The Commission scathingly criticised the all-encompassing concept of ‘national interest' and recommended that it should be scrapped. It said that only the Minister of Intelligence should have the prerogative to classify categories of information - subject to comment by parliament and interested parties. It called the government's ability to refuse to confirm or deny the existence of top secret information ‘Orwellian' and recommended that declassification appeals should be directed - not to the minister involved - but to the Human Rights Commission or to a court.

The second pointer is that - unlike the 1982 Act that it is meant to replace - the Bill's penalties do not include the option of a fine. This will further intimidate whistle-blowers and journalists by ensuring that those who divulge state information will serve long prison sentences without the possibility of others paying their fines. 

Thirdly, the reintroduced Bill has scrapped the important limitation included in the 2008 Bill that classification "should be used sparingly".

Finally, the Minister of National Intelligence, Dr Siyabonga Cwele, has made it clear that he intends to criminalise the activities of what he calls "information peddlers". NIA's legal advisers have admitted that whistle-blowers would be charged if they were caught with classified documents. Cwele has insisted that government wrong-doers should not be exposed in the media - but should rather be reported to the relevant authorities.
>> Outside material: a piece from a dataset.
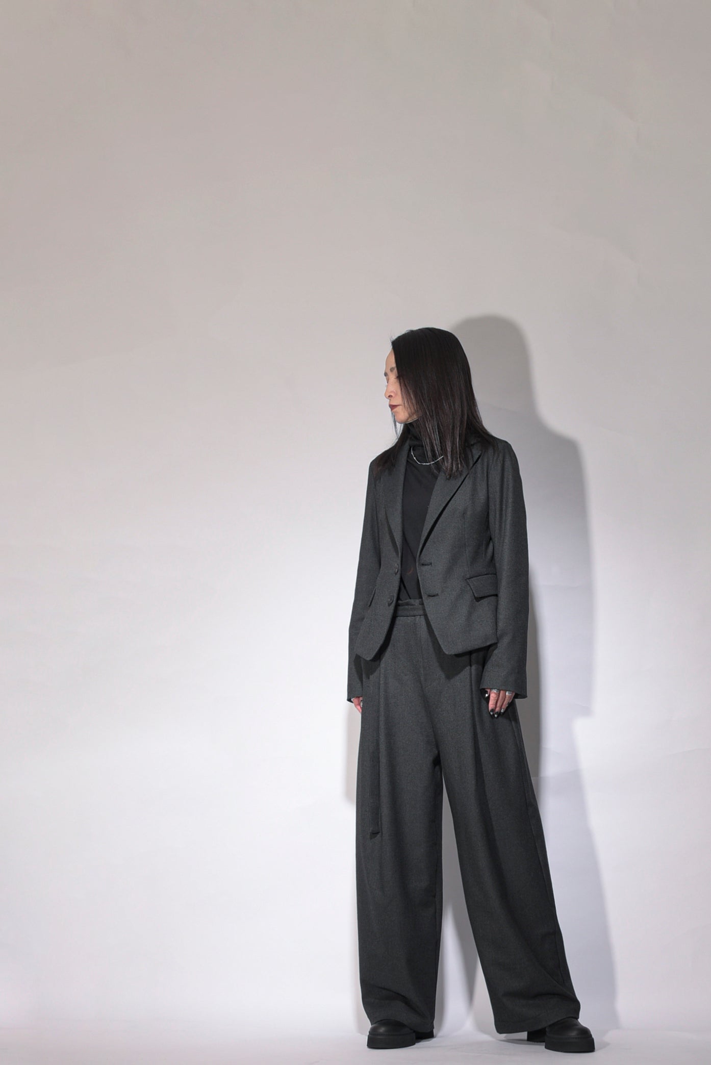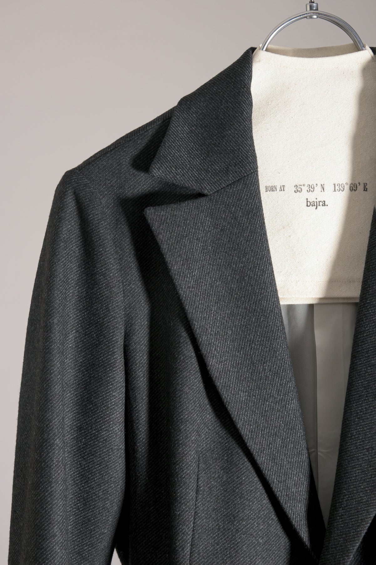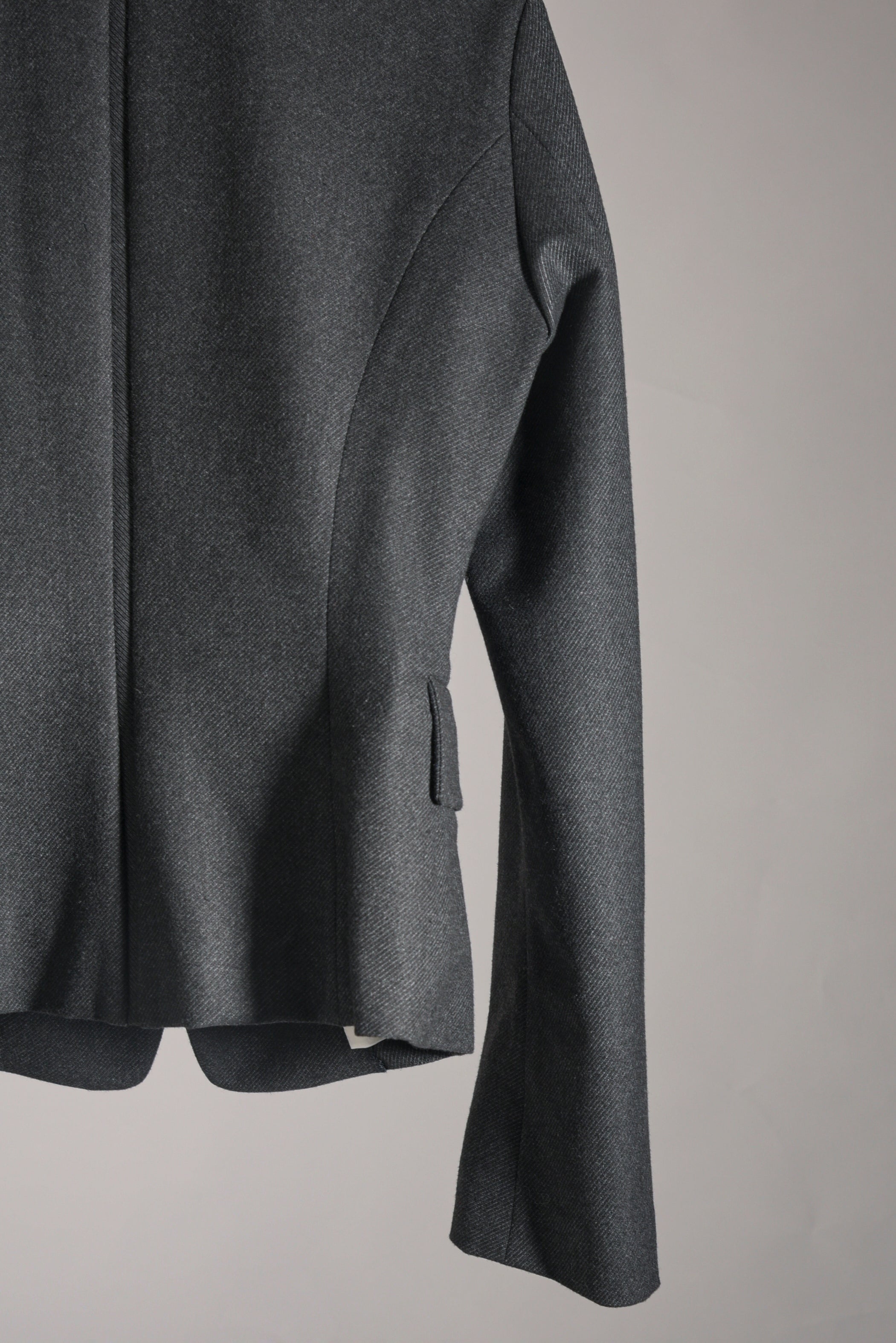 撚糸回数にこだわり抜き、最高の膨らみとキックバックの良さをもたらしました。繊細な起毛を施すことで肌触りがよく、上質な風合いのショート丈ジャケットに仕上がりました。同素材で、ベスト、ロングスカート、ワイドパンツ(ユニセックス展開)などもございますので、セットアップでのご着用もお勧めです。

The Bill is irreconcilable with the Constitution's founding principles which "ensure accountability, responsiveness and openness." The Constitution guarantees freedom of expression, including the freedom to receive and impart information or ideas. Section 32 states that everyone has the right "to access to any information held by the state". The courts have repeatedly upheld these rights, most recently last month when the South Gauteng High Court held that
‘The role of the media in a democratic society cannot be gainsaid. It ... includes informing the public about how our government is run, and this information may very well have a bearing on elections.... Access to information is crucial to accurate reporting and thus to imparting accurate information to the public'.

The Bill's professed support for the free flow of information is cynical doublethink. Its single-minded intention is to control the flow of government information by inhibiting whistle blowers and stopping investigative journalism. It is a direct assault on the Constitution and should be vigorously opposed by all South Africans who support constitutional government. Our Centre for Constitutional Rights and several other NGOs have expressed their strong opposition in submissions to the intelligence parliamentary portfolio committee. The remedy is simple: the Bill should be withdrawn and redrafted in accordance with the recommendations of the Ministerial Review Commission.

Dave Steward, Executive Director of the FW de Klerk Foundation.